Вонь газовых фонарей.
В луже тоже свет.
Холодно на улице —
Бр-р-р!
Про-мозг-лятина!
А в витрине — телятина.
Мясо с душком — на двугривенный фунт.
Фу ты — ну ты!
Некто выходит из подворотни.
В луже корка лежит…

Публике поэт наскучил очень скоро, тем более что стал вызывающе бросать в зал хлесткие строки «несчастного и проклятого» Артюра Рембо:

Mon triste cœur bave à la poupe.
Mon cœur couvert de caporal:
Ils y lancent des jets de soupe…
Sous les quolibets de la troupe
Qui pousse un rire général… [94]

Te из присутствующих, кто понимал по-французски, приняли строки Рембо как личное оскорбление, а те, кто языка не знал и понять ничего не мог, желали хоть один вечер отдохнуть от «лягушачьего кваканья». В общем, публика бурно запротестовала: поэта освистали, потом в него полетели фрукты и даже объедки. Настроение у Ксении совсем испортилось: «Почти как было с самим Рембо. Бедный.

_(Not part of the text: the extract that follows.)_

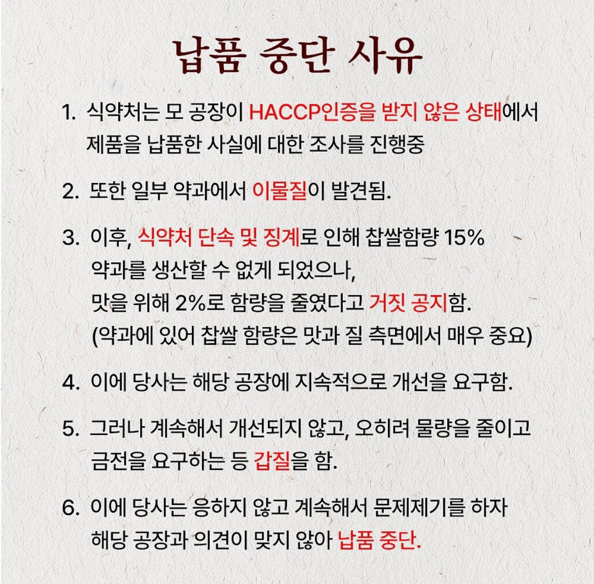 장인한과의 약과를 납품하던 장인더카페에 약과 납품을 종료한다는 사실 ;;

Может быть, им станет стыдно, когда проспятся, когда вспомнят, как их самих вчера провожали со сцены, а он вряд ли такое забудет…» С молчаливым разочарованием поэт, еще не знавший такого позора, оглядел зал. высыпал на руку между большим и указательным пальцами дозу белого порошка, вдохнул в себя, затем, пошатываясь и хохоча, с гордо запрокинутой головой проследовал мимо зарвавшихся невежд к выходу, напоследок оглушительно хлопнув дверью.

Балерина инстинктивно зажала уши. Кроме нее словно бы никто и не заметил, как только что обидели человека. Да и до того ли было всем этим талантливым и мнящим себя талантами господам: они невозмутимо продолжали пить, закусывать, сплетничать о чужих гонорарах или интимных отношениях. Ксения порой слышала праздные разговоры об однополой любви, присущей богемной среде, особенно мужчинам-танцовщикам, однако тему эту считала закрытой для обсуждения. Она вообще предпочитала не видеть чужих, порой трагических, слабостей: для нее было принципиально важно происходившее на сцене, а не в гримуборных и будуарах. Но в зале как раз произошла ссора на этой сверхинтимной почве: один из артистов приревновал другого к самому антрепренеру! Известный корифей труппы во всеуслышание съязвил:

— Кажется, R… возомнил себя гением танца и претендует теперь на первые партии, а я решительно ничего выдающегося не вижу в этом выскочке, так, калиф на час! И что только нашел в нем… — он отчетливо произнес фамилию импресарио. — Как известно наш принципал [95]равнодушен к низкорослым брюнетам, тем более к бездарным и безнадежно кривоногим.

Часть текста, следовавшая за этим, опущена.